■ GIVEN INFORMATION:

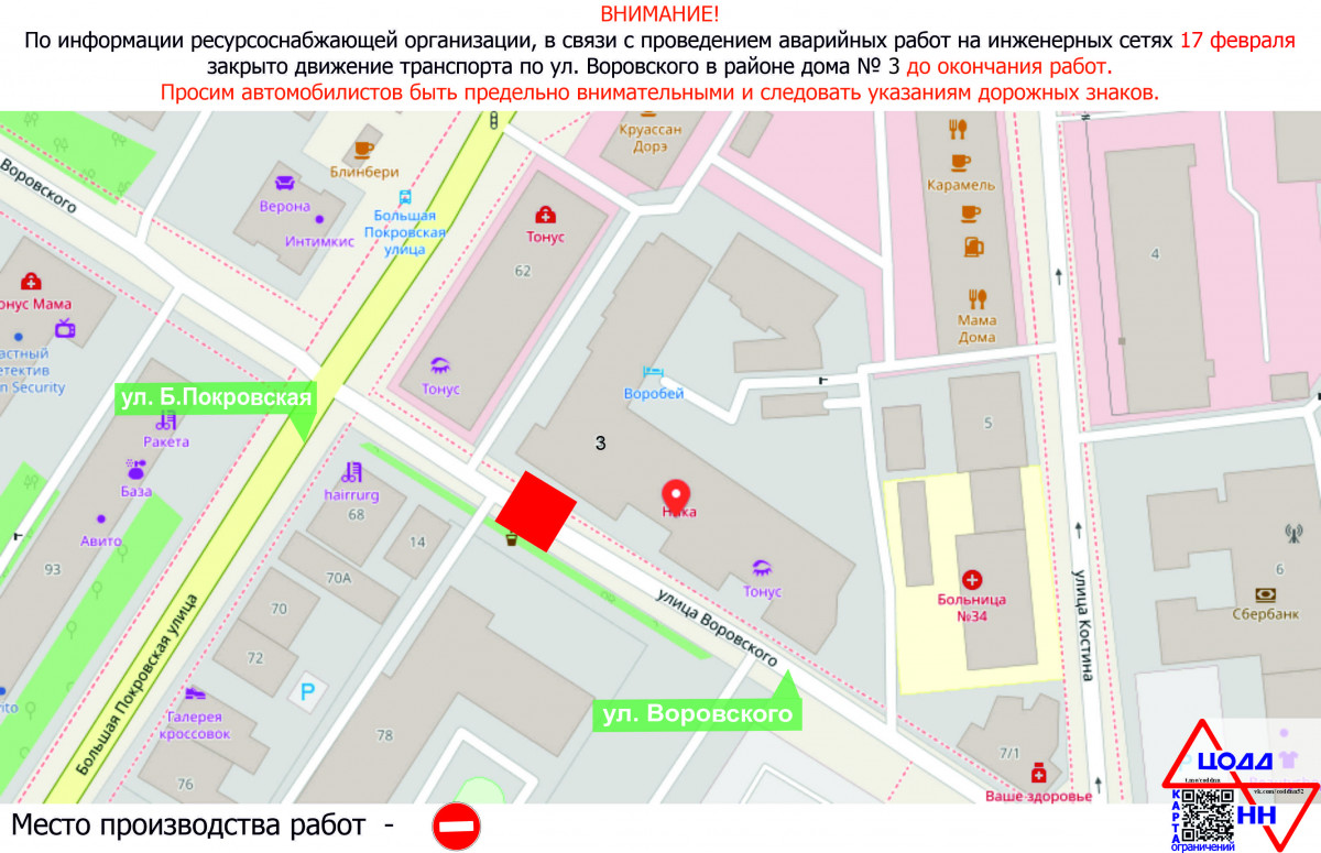 Движение транспорта по улице Воровского (в районе дома № 3) закрыто в связи с проведением аварийных работ на инженерных сетях до окончания работ. Об этом сообщает пресс-служба администрации Нижнего Новгорода.
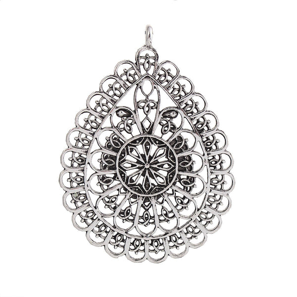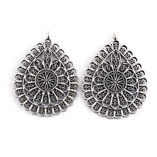 59x43mm Antique Silver Filigree Teardrop Pendants -- 3pcs
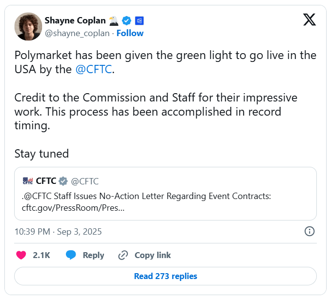 Polymarket CEO Shane Coplan confirmed the decision on X, calling the timeline “record speed” and crediting CFTC staff for expedited approval. The platform, which surged in popularity during the 2024 election cycle, now plans to expand US prediction market offerings.
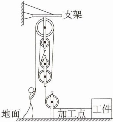 2.(2023 四川广元中考)如图所示,某工人利用滑轮组将一个工件沿水平地面匀速拉动到加工点。拉动过程中,工人对绳的拉力始终沿竖直方向,工人双脚始终与水平地面接触且接触面积为 300 cm²。工人对地面的压强为 2.0×10⁴ Pa;此工人的质量为 70 kg,两个动滑轮的质量共为 10 kg,绳重、绳与滑轮之间的摩擦均忽略不计,g 取 10 N/kg。求:

■ TASK PROMPT:
Where a picture appears in the listing above, skip it and set down all the rest exactly.

■ REPLY:
 Движение транспорта по улице Воровского (в районе дома № 3) закрыто в связи с проведением аварийных работ на инженерных сетях до окончания работ. Об этом сообщает пресс-служба администрации Нижнего Новгорода.
 59x43mm Antique Silver Filigree Teardrop Pendants -- 3pcs
 Polymarket CEO Shane Coplan confirmed the decision on X, calling the timeline “record speed” and crediting CFTC staff for expedited approval. The platform, which surged in popularity during the 2024 election cycle, now plans to expand US prediction market offerings.
 2.(2023 四川广元中考)如图所示,某工人利用滑轮组将一个工件沿水平地面匀速拉动到加工点。拉动过程中,工人对绳的拉力始终沿竖直方向,工人双脚始终与水平地面接触且接触面积为 300 cm²。工人对地面的压强为 2.0×10⁴ Pa;此工人的质量为 70 kg,两个动滑轮的质量共为 10 kg,绳重、绳与滑轮之间的摩擦均忽略不计,g 取 10 N/kg。求:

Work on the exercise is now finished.